Interpretation: This measures how much the test loss would change if we infinitesimally upweighted a training point — without retraining. The $H^{-1}$ term accounts for how the parameters would shift.
Practical challenges:
- Computing $H^{-1}$ is $O(p^3)$ where $p$ = number of parameters (intractable for large models)
- Approximations use Hessian-vector products (HVPs) via conjugate gradient or stochastic estimation
- Deep networks are often not strictly convex, making $H$ poorly conditioned — damping term $H + \lambda I$ required
Connections & Limitations
| Method | Foundation | Guarantees | Cost | Model Access |
|---|---|---|---|---|
| Shapley / SHAP | Game theory | Efficiency + uniqueness axioms | Exponential (exact) or O(N·d) approx | Black-box |
| LIME | Local linear approximation | Local fidelity (no efficiency) | O(N·d) for N samples | Black-box |
| Integrated Gradients | Path integral (calculus) | Completeness + sensitivity | O(m) forward passes | Gradient access (white-box) |
| Influence Functions | Implicit differentiation | Leave-one-out approximation | O(p) per HVP | Full model access |
- Baseline dependence: Both SHAP and IG depend on the choice of baseline/reference.

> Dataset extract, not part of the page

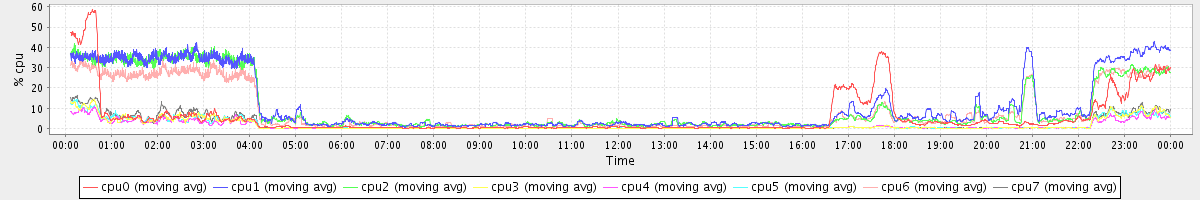 avg(cpu0) = 5.71 avg(cpu1) = 11.93 avg(cpu2) = 10.45 avg(cpu3) = 1.67 avg(cpu4) = 1.28 avg(cpu5) = 1.65 avg(cpu6) = 8.91 avg(cpu7) = 2.07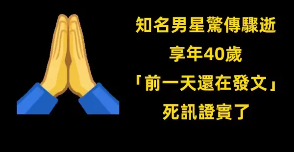 知名男星驚傳驟逝,享年40歲!「前一天還在發文」 死訊證實了

Different baselines give different attributions.
- Feature correlation: When features are correlated, marginalizing one feature while holding others fixed creates unrealistic inputs, potentially misleading attributions.
- Faithfulness vs interpretability: High-fidelity explanations (SHAP) may be complex; interpretable explanations (LIME top-k) may be unfaithful.
- Attention ≠ explanation: Attention weights are not reliable attributions — they can be permuted without changing outputs (Jain & Wallace, 2019).
Verify Shapley Uniqueness
For a 3-player game with $v(\{1\}) = 5$, $v(\{2\}) = 3$, $v(\{1,2\}) = 12$, $v(\{3\}) = 0$, $v(\{1,3\}) = 5$, $v(\{2,3\}) = 3$, $v(\{1,2,3\}) = 15$, $v(\emptyset) = 0$:
1. Compute exact Shapley values. 2. Verify efficiency: $\phi_1 + \phi_2 + \phi_3 = v(\{1,2,3\})$. 3. Verify player 3 is a null player ($\phi_3 = 0$).